▶ _TASK DIRECTIONS_:
After locating the line with "Възкресение в църквата.", repeat it and every following line to the end of the listing, exactly. Omit the pictures.

▶ _COLLECTED DATA_:
[Start of section]
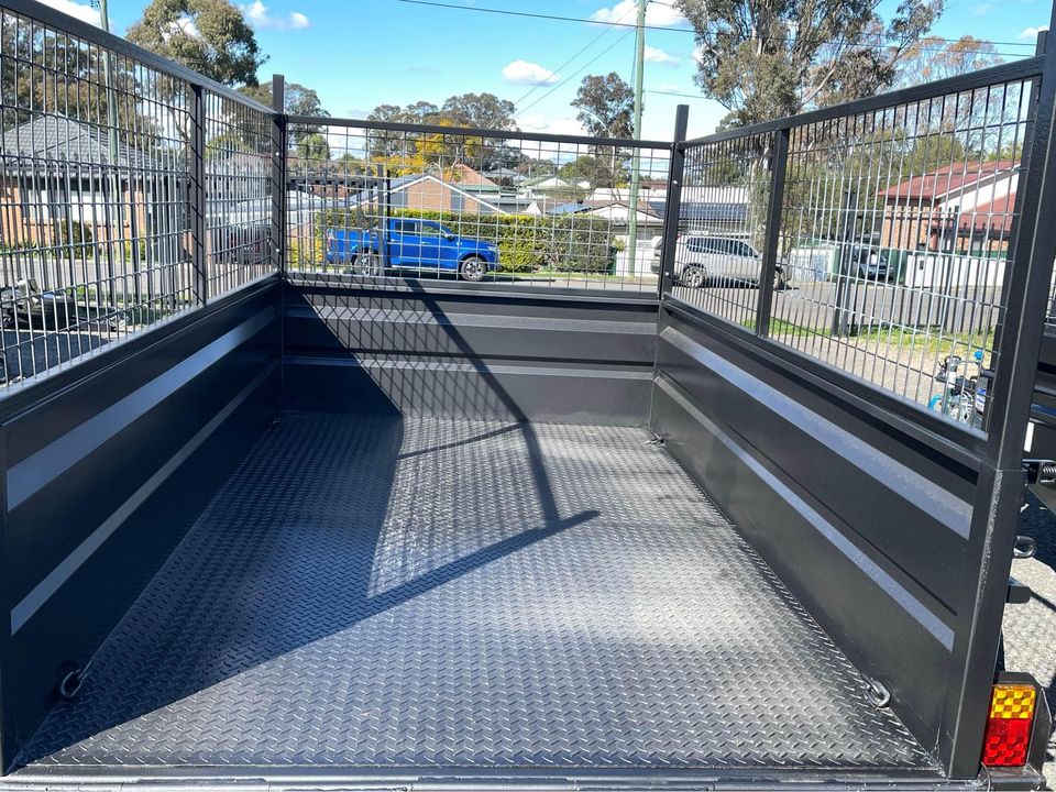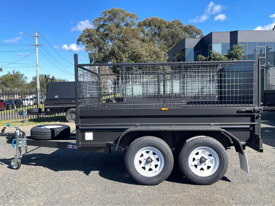 8×5 Tandem Box Trailer High Side with 600mm cage and checker plate ramp2Ton GVM with mechanical disk brake2x45mm square solid axle rated 1400kg each
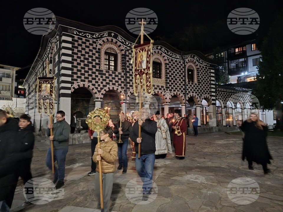 Храмът „Въведение Богородично“ в Благоевград се препълни от вярващи християни, дошли да посрещнат чудото на Христовото Възкресение в църквата.
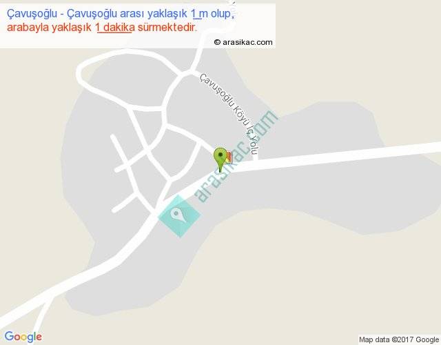 Çavuşoğlu - Çavuşoğlu arası yaklaşık olarak 90 km/h ile yukarıda belirtilen sürede olup, iki yerin kuş uçuşu uzaklığı (mesafesi) 0'dir. Yolculuk otobüsle 1 dakika sürmektedir.
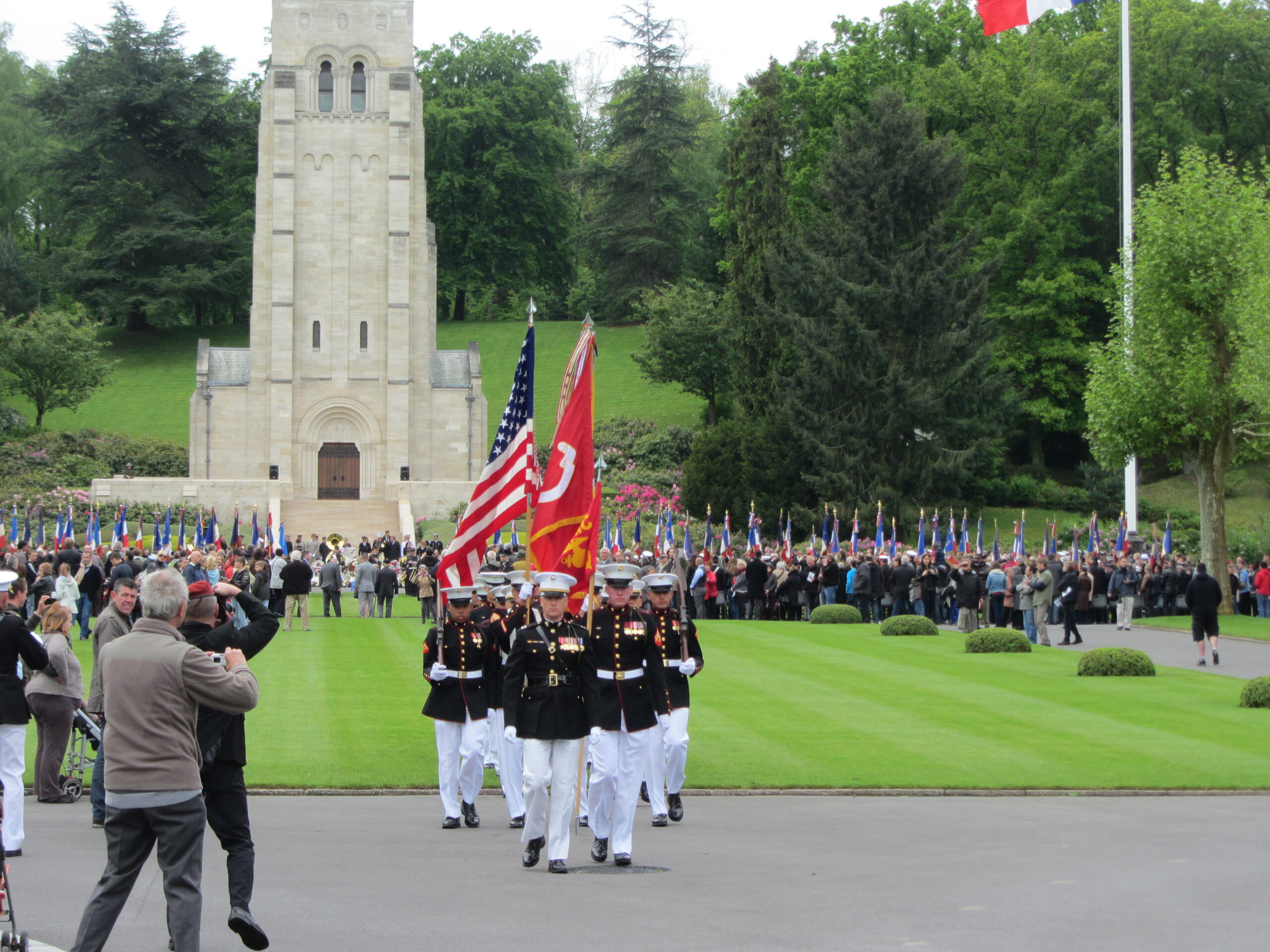 Members of the U.S. Marine Corps march during the 2013 Memorial Day ceremony at Aisne-Marne American Cemetery.
[End of section]
▶ _ANSWER SPACE_:
 Храмът „Въведение Богородично“ в Благоевград се препълни от вярващи християни, дошли да посрещнат чудото на Христовото Възкресение в църквата.
 Çavuşoğlu - Çavuşoğlu arası yaklaşık olarak 90 km/h ile yukarıda belirtilen sürede olup, iki yerin kuş uçuşu uzaklığı (mesafesi) 0'dir. Yolculuk otobüsle 1 dakika sürmektedir.
 Members of the U.S. Marine Corps march during the 2013 Memorial Day ceremony at Aisne-Marne American Cemetery.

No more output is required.